* [REQUIRED ACTION]
Of all the entries below, only the lines from the one with "Description: Green body;" up to and including the one with "The Helsinki train" are to be duplicated exactly.

* [MATERIAL FOR THIS TASK]
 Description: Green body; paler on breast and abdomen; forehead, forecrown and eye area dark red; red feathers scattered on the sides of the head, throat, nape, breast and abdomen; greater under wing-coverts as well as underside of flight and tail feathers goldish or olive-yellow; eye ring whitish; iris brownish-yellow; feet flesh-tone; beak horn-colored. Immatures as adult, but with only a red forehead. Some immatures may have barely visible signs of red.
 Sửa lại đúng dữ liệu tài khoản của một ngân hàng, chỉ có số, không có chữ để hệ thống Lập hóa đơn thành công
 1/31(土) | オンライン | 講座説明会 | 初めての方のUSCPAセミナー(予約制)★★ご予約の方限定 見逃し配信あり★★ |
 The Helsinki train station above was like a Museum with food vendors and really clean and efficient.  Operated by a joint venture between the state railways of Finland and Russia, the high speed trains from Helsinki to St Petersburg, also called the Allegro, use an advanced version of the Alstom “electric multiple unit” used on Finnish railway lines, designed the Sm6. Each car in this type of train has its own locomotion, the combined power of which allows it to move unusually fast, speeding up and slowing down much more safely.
* * *
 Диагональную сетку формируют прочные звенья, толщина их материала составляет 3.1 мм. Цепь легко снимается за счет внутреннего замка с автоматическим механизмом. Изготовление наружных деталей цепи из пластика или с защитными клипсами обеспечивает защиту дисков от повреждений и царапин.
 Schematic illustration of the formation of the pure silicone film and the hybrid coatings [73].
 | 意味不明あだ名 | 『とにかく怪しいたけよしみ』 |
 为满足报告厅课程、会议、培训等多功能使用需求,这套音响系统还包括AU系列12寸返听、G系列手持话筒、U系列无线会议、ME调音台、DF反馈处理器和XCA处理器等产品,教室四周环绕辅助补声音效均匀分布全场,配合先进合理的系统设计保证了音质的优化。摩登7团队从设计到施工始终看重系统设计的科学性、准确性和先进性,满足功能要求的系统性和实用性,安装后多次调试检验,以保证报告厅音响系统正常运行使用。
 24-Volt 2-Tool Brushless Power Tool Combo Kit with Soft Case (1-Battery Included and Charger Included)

* [RESPONSE TO THIS EXERCISE]
 Description: Green body; paler on breast and abdomen; forehead, forecrown and eye area dark red; red feathers scattered on the sides of the head, throat, nape, breast and abdomen; greater under wing-coverts as well as underside of flight and tail feathers goldish or olive-yellow; eye ring whitish; iris brownish-yellow; feet flesh-tone; beak horn-colored. Immatures as adult, but with only a red forehead. Some immatures may have barely visible signs of red.
 Sửa lại đúng dữ liệu tài khoản của một ngân hàng, chỉ có số, không có chữ để hệ thống Lập hóa đơn thành công
 1/31(土) | オンライン | 講座説明会 | 初めての方のUSCPAセミナー(予約制)★★ご予約の方限定 見逃し配信あり★★ |
 The Helsinki train station above was like a Museum with food vendors and really clean and efficient.  Operated by a joint venture between the state railways of Finland and Russia, the high speed trains from Helsinki to St Petersburg, also called the Allegro, use an advanced version of the Alstom “electric multiple unit” used on Finnish railway lines, designed the Sm6. Each car in this type of train has its own locomotion, the combined power of which allows it to move unusually fast, speeding up and slowing down much more safely.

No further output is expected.